Ministry of Lands Setlement Tigania East

2nd Respondent

Office of Survey & Physical Planning

3rd Respondent

Attorney General

4th Respondent

Ruling

1. By a notice of motion dated January 31, 2023, the appellant/applicant is seeking for orders of injunction restraining the 1st respondent, his agents, servants, employees, assignees, or anybody else claiming under his name from further fencing, trespassing, changing boundaries, planting or harvesting any crops, causing any developments or interfering with the appellant’s land at Kangara Amugaa area which is mapped as 10062 Ankamia measuring approximately 1 acre until hearing and determination of this application and until the hearing and determination of the appeal herein. In the alternative, the appellant prays that status quo as at January 13, 2023 be maintained in that the appellant remains in uninterrupted occupation on the suit land until the appeal is heard and determined. The application is brought under section 3, 3A, 63(e) of the Civil Procedure Act, Order 51 Rule 1 and Order 40 Rule 1, 2 & 3 of the Civil Procedure Rules and is premised on the grounds in the face of the motion and supported by the affidavit of Dominic Isaya, the applicant sworn on January 31, 2023.

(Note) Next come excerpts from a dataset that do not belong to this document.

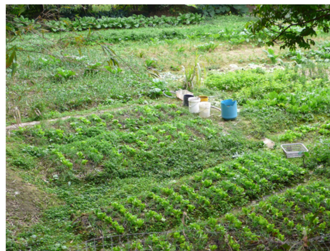
LR9.2 – Farmland by Sha Ling
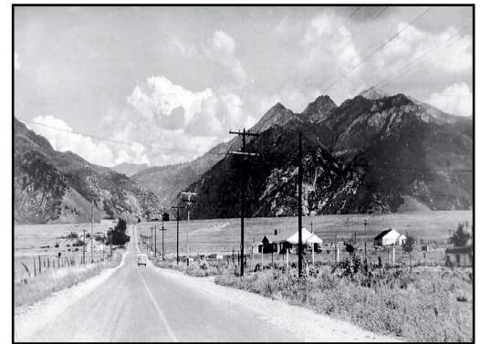
Looking east on 7000 South toward Big Cottonwood Canyon at approximately 2300 East. Circa 1950. The road would eventually be renamed Fort Union Boulevard.

Ft. Union Boulevard officially begins at 700 East and runs the breadth of
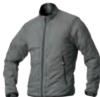
Thermal inner jacket included with all jackets
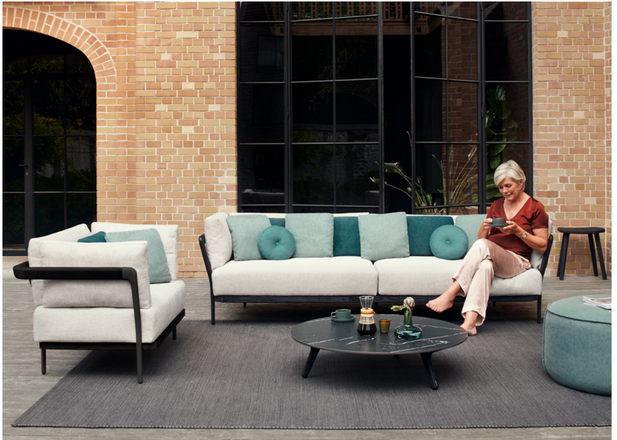
Flows | lounge chair - 3-seater sofa
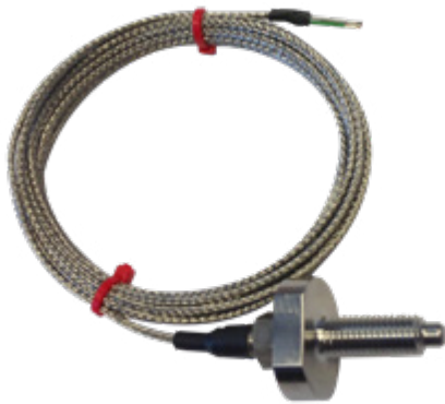
Mounting Information for the Exhaust Gas Temperature Sensor
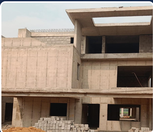
VILLA-156 (Structure Completed)
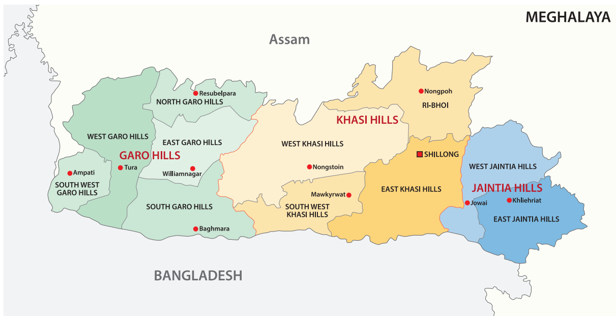
Figure 1: Districts of Meghalaya.

is taking place between communities. The semantics of the name itself, “Ri Bhoi” is the first indication of this cultural melting pot. Originating in the Karew language - the original name and language of the indigenous people of the Ri Bhoi District, the word Bhoi translates as outsiders and the word Ri means land . The outsiders in this context are the Karbi (also known as Mikir ) people, the Tiwa ( Lalu ), Bodo - essentially the non-native tribals, and the Assamese and the Nepalis who have migrated from neighbouring Assam or beyond. The name Khasi Bhoi , a subtribe of the Khasi family thus reflects centuries of interaction with the outsider tribes, as a term to indicate differentiation from the Khasi people of the uplands of the East and West Khasi Hills. Many Khasi Bhoi communities today continue to identify themselves as Karew , but accept that the wider Khasi communities know them as Bhoi , or Khasi Bhoi .
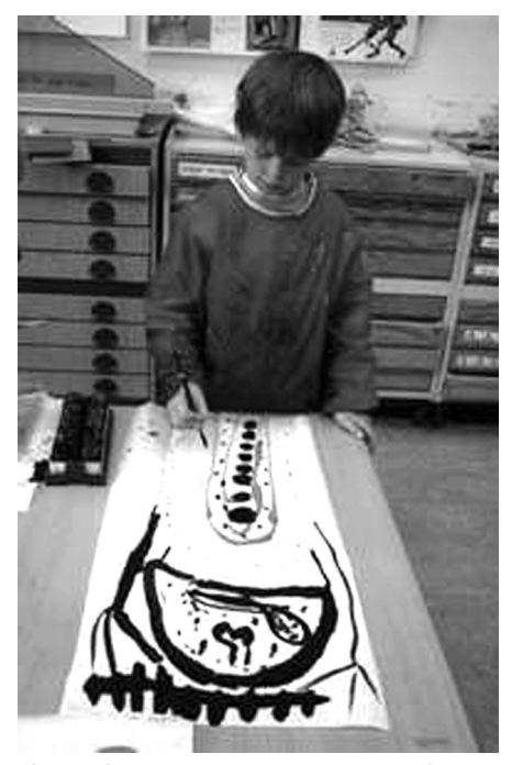
The Family Learning Program incorporates the arts and other play therapy techniques when working with young clients.

The non-offending caregiver is directly involved with the victim's therapeutic process in FLP. In addition to receiving information about sexual abuse and sexual development, non-offending caregivers are provided with behavior management strategies specifically aimed at handling problematic behavior of traumatized children. Coping resources and techniques are also discussed in order to alleviate feelings of distress experienced by the non-offending caregiver. Research has shown many benefits of including treatment for the non-offending caregivers of sexually abused children using the TF-CBT model, including an increase in positive parenting practices and a higher degree of improvement in the child's depressive symptoms and behavior problems in comparison to child-only treatment. The impact of sexual abuse is undoubtedly far-reaching, as parents and children work to process the trauma and cope with the
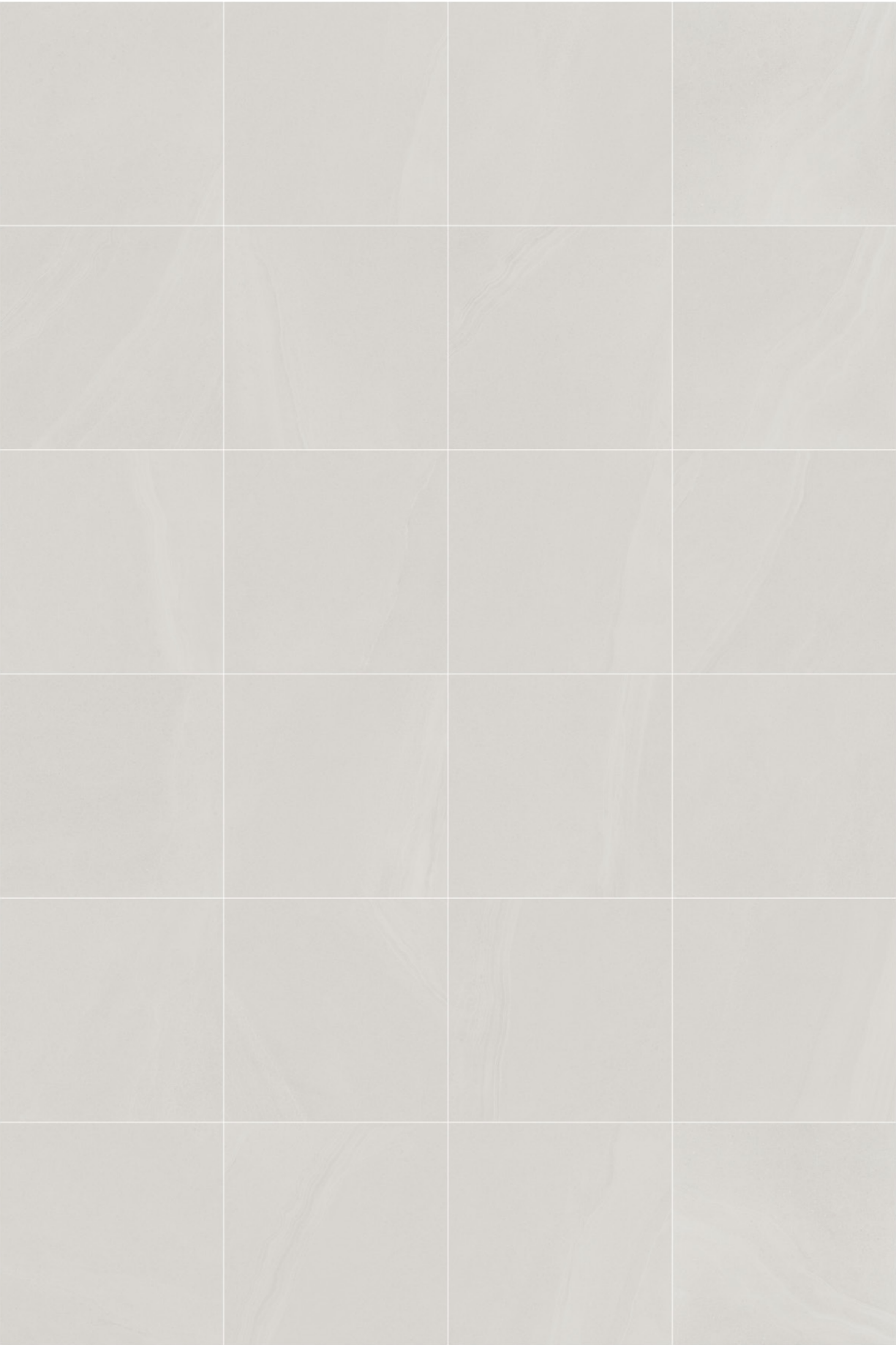
KHALI OFF-WHITE 24x24 FACES
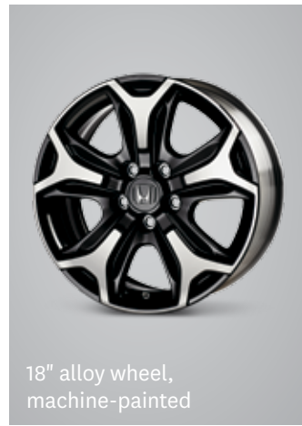
18" alloy wheel, machine-painted
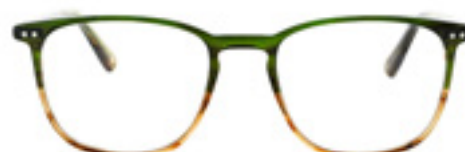
C2 - OLIVE TOPAZ WHDARW03
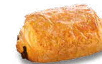
22175 Pain Au Chocolat Butter 80 u / 2.47 oz / 10x9 30' Thaw / 350-360°F 15' Oven / 5.14 in. Made with Butter No Preservatives Vegetarian / Kosher OU-D
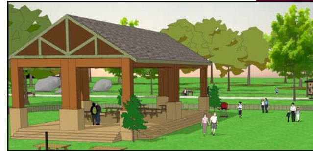
3d Illustration of Park Center
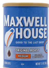
Coffee, 11 oz. Count: 1
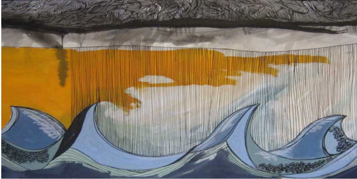
Figure 9. Seascape 2. 2010

In "Seascape 2" the anger and aggression is a little more subtle. There is a light water color gestural painting that is slightly hidden behind a wash of vertical ink drawn lines. This gestural painting is of a turbulent sea. The sky is dark and menacing in this painting and yet again the waves appear sharp and dangerous. In my end of the world, the seas are rising because the ice caps have melted and the erratic change in weather has created huge hurricanes and storms. The water in these seascapes are illustrative of a time that I imagine will happen.
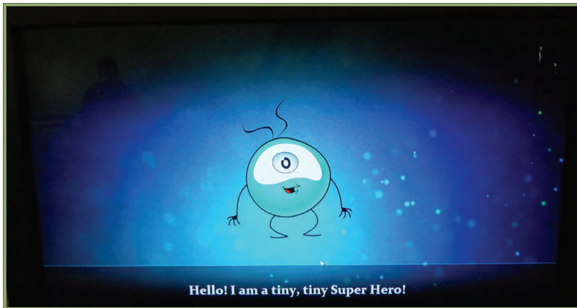
Learn about the importance of algae in bio-fuel production by playing a fun virtual algae game
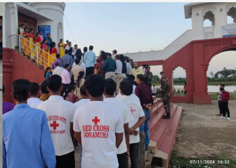
Volunteers from the IRCS Sonamura Sub-Divisional Branch served as a support/rescue team in Rudra Sagar/Neermahal during the National Director TRLM visit.
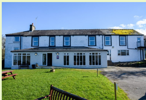
Ingleton Youth Hostel

THANK YOU to all those parents who attended yesterday's meeting about June's Year 5 and Year 6 Ingleton Residential.
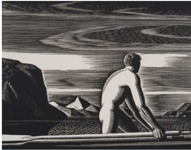
Fig. 15. R. Kent. Greenland Swimmer, 1932
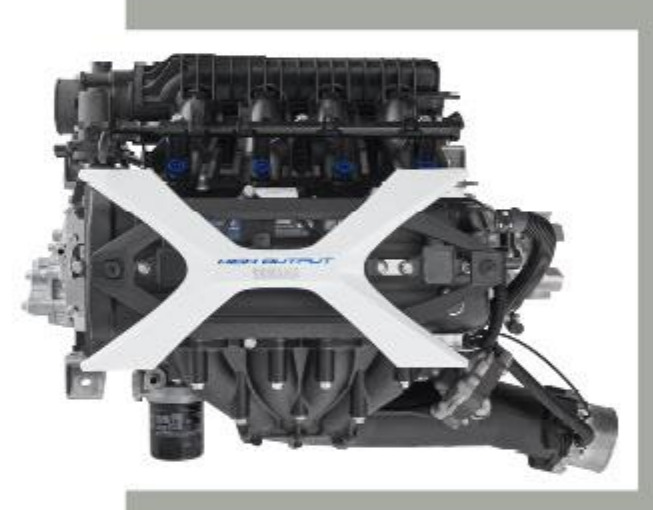
1.9L HIGH OUTPUT ENGINE
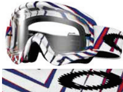
RAZORS EDGE PATRIOTIC Clear Lens - 57-684
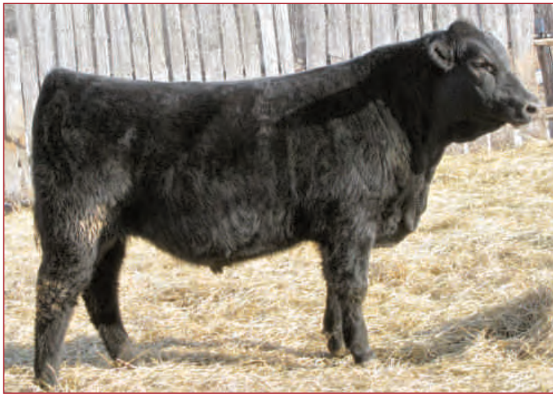
OAKWOOD RIGHT TIME 1Y - LOT 1Y

2. The applicant avers that he has been in occupation of the suit land since the year 2011 where he has been doing farming such as planting tea bushes without any interference until July 2022 when the 1st respondent started interfering with the applicant’s occupation by trying to fence part of the land and the applicant filed suit in the subordinate court. The applicant avers that he bought the land from the 1st respondent in 2012 and has been in occupation of 1 acre thereof and annexed a copy of the agreement for sale. The applicant states that title to the land was issued at the end of the year 2021. He has also annexed copies of the title deed and documents showing that he has been harvesting and selling the said tea bushes.

3. It is the applicant’s contention that the trial court misunderstood his application for injunction and/or status quo until the suit is heard and determined. The applicant avers that unless the orders sought are granted, he may lose his livelihood which cannot be compensated and he may suffer immensely.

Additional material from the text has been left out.